Ползком перебравшись через расчищенный сектор обстрела, Варов бесшумно скользнул во влажные от вечерней прохлады кусты. Понаблюдав несколько минут за дотом, прислушиваясь к тишине, направился в лощину. Он спускался медленно, но с каждым шагом чувствовал все большую дурманящую усталость. Сердце билось тяжело и учащенно, тело покрывалось испариной. «Не хватало еще и мне свалиться!» — недовольно думал Петр, пересиливая желание сейчас же улечься на земле.

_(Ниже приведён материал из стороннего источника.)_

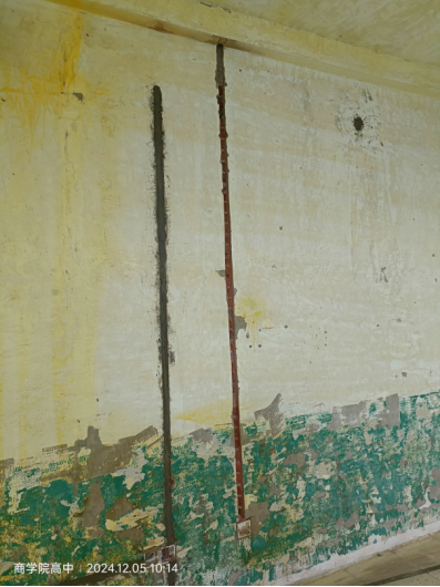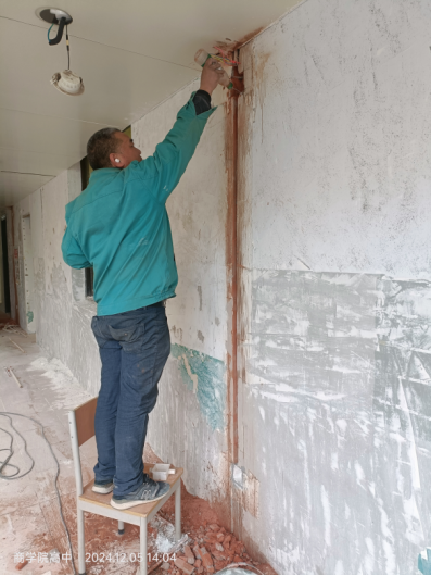 五、高中教室改造:一层办公室大厅石膏板吊顶完成40%,墙板基层拆除完成。2-4层教室及办公室开槽布管完成、穿线完成,其余未移交实验室、机房及办公室未施工。走道墙面基层铲除完成80%,墙面线槽粉刷完成90%。

Наконец, он вышел на небольшую поляну. На ней валялись несколько разбитых автомашин, почерневшие ящики, изуродованные трупы. «Наши залпом накрыли, — догадался Петр. — Где-нибудь должен быть здесь родник…»
Вдруг раздался тихий стон. Прислушавшись, Петр расслышал приглушенный плач.
Если бы Варов услышал вой, рев, даже пальбу, он бы прошел мимо, но этот тихий плач, в котором не слышалось ничего другого, кроме тоски, поразил его.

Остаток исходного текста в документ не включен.